HACKER Q&A
📣 ccorcos

What's the state of P2P database sync?


CloudKit, Realm, and CouchDb/PouchDb offer offline syncing with some kind of cache on the client. This is great, but I'm curious if there are any successful technologies (other than git) that are actually cloudless and P2P.

I recall reading about Noms a while ago when it was acquired by Salesforce and that supposedly had promise as a P2P database but I haven't heard anything since.

I've read some about distributed hash tables used by torrents, but they are inherently public which isn't exactly suitable for most applications.

Have you heard of any new or interesting offline distributed databased?


  👤 mbalex99 Accepted Answer ✓
We've created a peer to peer database at https://www.ditto.live . It runs on servers, WASM, and mobile all with a shared code base. Each row in the database is a robust CRDT that can sync deltas (or diffs) very efficiently. In addition, we are just about to add binary file sync that is quite reminiscent of bittorrent and has all the goodness of retries, resuming downloads, canceling, and pausing all baked in.

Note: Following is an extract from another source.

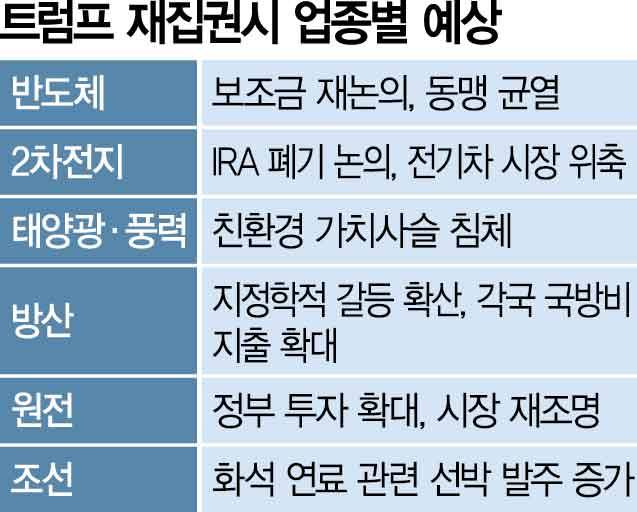 원전주와 조선주 주가에는 친환경 에너지보다 화석연료 투자를 선호하는 트럼프 전 대통령의 성향에 대한 기대가 반영됐다. 시장 참여자들은 미국의 화석연료 투자가 늘수록 액화천연가스(LNG)·액화석유가스(LPG)·암모니아선 발주가 증가할 수 있다고 예상하고 있다. 아울러 바이든 행정부 들어서는 외면받은 원전 에너지가 다시 관심을 받을 수 있을 것으로 판단하고 있다. 건설주의 경우 러시아·우크라이나 전쟁 조기 종식에 따른 전후 재건 수혜 업종으로 꼽힌다. 가상자산 관련주는 트럼프 전 대통령의 잇단 가상자산 우호 발언의 덕을 보고 있다.

The most unique feature of Ditto is really our networking stack. Devices that have the database can sync over any available transport: mDNS, WiFi Direct, AWDL, Bluetooth Low Energy.

Here it is in action: https://www.youtube.com/watch?v=1P2bKEJjdec

Here's a video of how being p2p allowed us to architect a database that fall back to mesh networks if the server can't be reached: https://www.youtube.com/watch?v=0IAle9BYlxQ

We're launching with several massive enterprise companies this year and some mid-to-small ones as well. On your next flight, if you notice that the flight attendants and pilots are using mobile devices to collaborate in realtime even if the internet is down: it's us ;-)!

A couple of notes about how the SDK works:

1. The CRDT that backs our data structure for each row in the database looks like a JSON object to the end user. 2. It is capable of substring modifications, array and map mutations 3. Conflict resolution is automatic and deterministic, the default behavior is LWW but can be customized as long as it's deterministic. 4. It's written completely in Rust! 5. If peers in the mesh network have the same CRDT and only minor mutations are made to part of the CRDT, then they can efficiently sync a subset of them to reduce bandwidth limitations 6. Our replication protocol is tied to queries. Peers will broadcast what they are interested in and devices that have relevant data will send it as long as the proper authorization certificate is there.


👤 ch_sm
Not exactly answering your question, but I‘ve found researching CRDTs (Conflict-free Replicated Data-Types) very enlightening. It‘s what a lot of databases use these days for multi-master replication. Martin Kleppmann has done some great writing about its P2P use-cases.

As for your actual question: GunJS comes to mind and looks interesting but I‘m not sure it‘s production ready.